"Let me not to the marriage of true minds
Admit impediments: love is not love
Which alters when it alteration finds."
In some respects, the pedler's anticipations were correct. Katherine had
"a bad time by herself" that night; for evil has this woful
prerogative,--it can wound the good and the innocent, it can make
wretched without provocation and without desert. But, whatever her
suffering, it was altogether her own. She made no complaint, and she
offered no explanation of her singular conduct. Her household, however,
had learned to trust her; and the men and women servants sitting around
the kitchen-fire that night, talked over the circumstance, and found its
very mystery a greater charm than any possible certainty, however
terrible, could have given them.
"She be a stout-hearted one," said the ostler admiringly. "Tony and I
a-watched her and the dog a-driving him through the gates.
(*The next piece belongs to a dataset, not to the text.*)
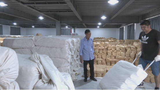 大洋繭絲綢公司員工進(jìn)行蠶繭分揀、打包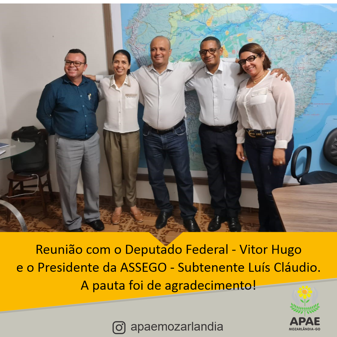 Reunião com o Deputado Federal - Vitor Hugo e o Presidente da ASSEGO - Subtenente Luís Cláudio. A pauta foi de agradecimento pela a emenda de 200 mil, a qual já foi paga para a Prefeitura de Mozarlândia e será repassada para a nossa APAE no início do ano que vem, e será aplicada na ampliação da equipe multiprofissional da nossa APAE, também solicitamos ao Deputado, uma emenda de um milhão para construir a clínica da nossa APAE.

With his
bundle on his back, he was a-shuffling along, a-nigh on his all-fours;
and the madam at his heels, with her head up in the air, and her eyes
a-shining like candles."
"It would be about the captain he spoke."
The remark was ventured by Lettice in a low voice, and the company
looked at each other and nodded confidentially. For the captain was a
person of great and mysterious importance in the house. All that was
done was in obedience to some order received from him. Katherine quoted
him continually, granted every favour in his name, made him the
authority for every change necessary. His visits were times of holiday,
when discipline was relaxed, and the methodical economy of life at the
manor house changed into festival. And Hyde had precisely that dashing
manner, that mixture of frankness and authority, which dependents
admire. The one place in the whole world where nobody would have
believed wrong of Hyde was in Hyde's own home.